*WORK INSTRUCTIONS:* Please retype the data below exactly, stopping after the line with "Die Feuerwehr baute" and skipping every picture.

Items from a data source:
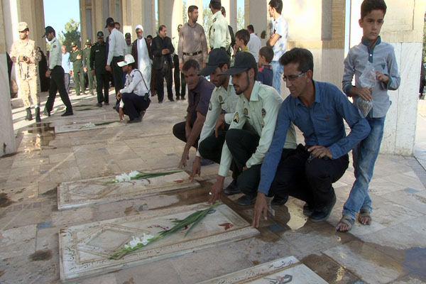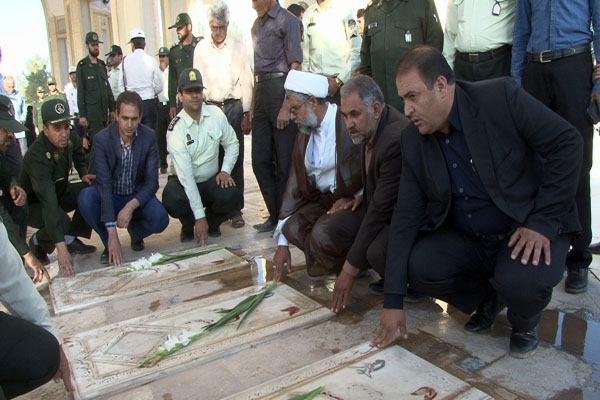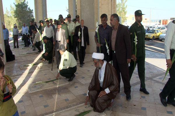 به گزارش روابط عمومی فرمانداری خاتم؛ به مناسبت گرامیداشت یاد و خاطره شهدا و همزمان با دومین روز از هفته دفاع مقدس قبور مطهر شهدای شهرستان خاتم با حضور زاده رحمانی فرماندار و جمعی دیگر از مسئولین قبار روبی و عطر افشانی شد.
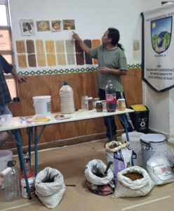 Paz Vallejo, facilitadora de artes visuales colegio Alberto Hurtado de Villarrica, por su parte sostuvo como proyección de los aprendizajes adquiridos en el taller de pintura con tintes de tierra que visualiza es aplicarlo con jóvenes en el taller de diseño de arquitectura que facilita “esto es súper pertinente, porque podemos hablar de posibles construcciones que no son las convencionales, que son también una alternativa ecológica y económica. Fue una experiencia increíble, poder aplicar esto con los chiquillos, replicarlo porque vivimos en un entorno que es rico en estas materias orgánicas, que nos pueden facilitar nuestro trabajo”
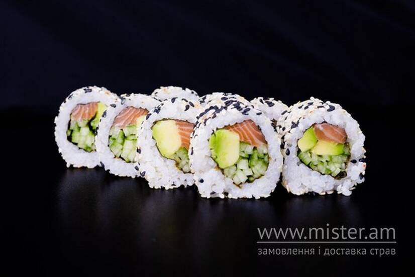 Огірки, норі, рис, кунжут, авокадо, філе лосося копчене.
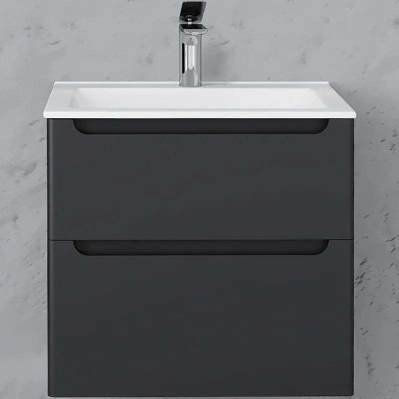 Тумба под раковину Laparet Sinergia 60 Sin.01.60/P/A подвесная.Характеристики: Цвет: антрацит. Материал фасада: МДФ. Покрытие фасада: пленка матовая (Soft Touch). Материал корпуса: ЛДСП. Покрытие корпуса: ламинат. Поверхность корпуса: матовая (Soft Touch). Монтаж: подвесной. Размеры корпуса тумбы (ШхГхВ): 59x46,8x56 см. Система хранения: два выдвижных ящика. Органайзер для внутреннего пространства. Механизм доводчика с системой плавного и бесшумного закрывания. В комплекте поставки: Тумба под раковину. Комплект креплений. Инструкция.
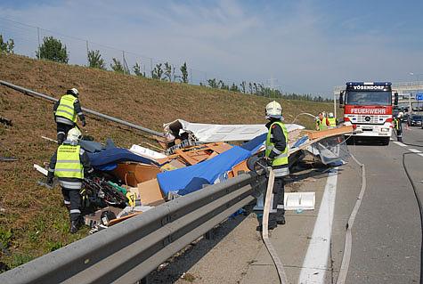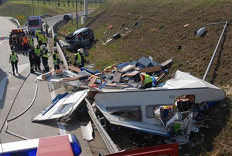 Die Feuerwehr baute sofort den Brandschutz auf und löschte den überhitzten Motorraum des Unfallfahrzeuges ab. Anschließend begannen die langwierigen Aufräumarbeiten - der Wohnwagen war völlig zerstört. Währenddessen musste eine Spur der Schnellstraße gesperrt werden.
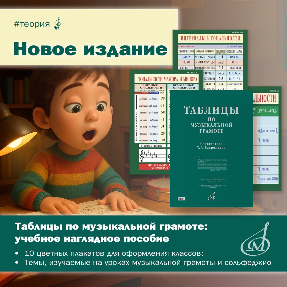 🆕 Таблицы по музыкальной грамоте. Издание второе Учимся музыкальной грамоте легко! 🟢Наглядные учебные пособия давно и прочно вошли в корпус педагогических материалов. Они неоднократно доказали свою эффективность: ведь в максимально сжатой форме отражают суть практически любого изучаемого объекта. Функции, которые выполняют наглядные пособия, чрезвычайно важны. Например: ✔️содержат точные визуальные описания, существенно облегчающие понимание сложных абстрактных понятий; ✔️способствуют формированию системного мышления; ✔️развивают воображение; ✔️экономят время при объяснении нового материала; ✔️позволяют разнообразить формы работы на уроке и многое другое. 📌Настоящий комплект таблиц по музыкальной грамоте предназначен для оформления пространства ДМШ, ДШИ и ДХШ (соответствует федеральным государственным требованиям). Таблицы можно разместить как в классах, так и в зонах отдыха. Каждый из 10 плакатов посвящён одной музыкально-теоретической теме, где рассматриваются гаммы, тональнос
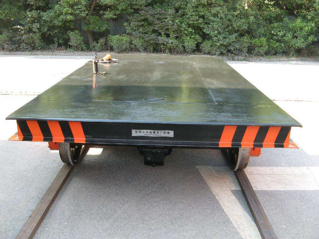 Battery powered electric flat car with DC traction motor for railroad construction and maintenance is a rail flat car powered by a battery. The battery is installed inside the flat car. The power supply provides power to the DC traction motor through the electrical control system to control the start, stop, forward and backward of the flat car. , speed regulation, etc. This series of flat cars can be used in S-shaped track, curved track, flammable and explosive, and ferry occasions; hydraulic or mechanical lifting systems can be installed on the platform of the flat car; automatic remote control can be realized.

*SOLUTION FOR THIS PROBLEM:*
 به گزارش روابط عمومی فرمانداری خاتم؛ به مناسبت گرامیداشت یاد و خاطره شهدا و همزمان با دومین روز از هفته دفاع مقدس قبور مطهر شهدای شهرستان خاتم با حضور زاده رحمانی فرماندار و جمعی دیگر از مسئولین قبار روبی و عطر افشانی شد.
 Paz Vallejo, facilitadora de artes visuales colegio Alberto Hurtado de Villarrica, por su parte sostuvo como proyección de los aprendizajes adquiridos en el taller de pintura con tintes de tierra que visualiza es aplicarlo con jóvenes en el taller de diseño de arquitectura que facilita “esto es súper pertinente, porque podemos hablar de posibles construcciones que no son las convencionales, que son también una alternativa ecológica y económica. Fue una experiencia increíble, poder aplicar esto con los chiquillos, replicarlo porque vivimos en un entorno que es rico en estas materias orgánicas, que nos pueden facilitar nuestro trabajo”
 Огірки, норі, рис, кунжут, авокадо, філе лосося копчене.
 Тумба под раковину Laparet Sinergia 60 Sin.01.60/P/A подвесная.Характеристики: Цвет: антрацит. Материал фасада: МДФ. Покрытие фасада: пленка матовая (Soft Touch). Материал корпуса: ЛДСП. Покрытие корпуса: ламинат. Поверхность корпуса: матовая (Soft Touch). Монтаж: подвесной. Размеры корпуса тумбы (ШхГхВ): 59x46,8x56 см. Система хранения: два выдвижных ящика. Органайзер для внутреннего пространства. Механизм доводчика с системой плавного и бесшумного закрывания. В комплекте поставки: Тумба под раковину. Комплект креплений. Инструкция.
 Die Feuerwehr baute sofort den Brandschutz auf und löschte den überhitzten Motorraum des Unfallfahrzeuges ab. Anschließend begannen die langwierigen Aufräumarbeiten - der Wohnwagen war völlig zerstört. Währenddessen musste eine Spur der Schnellstraße gesperrt werden.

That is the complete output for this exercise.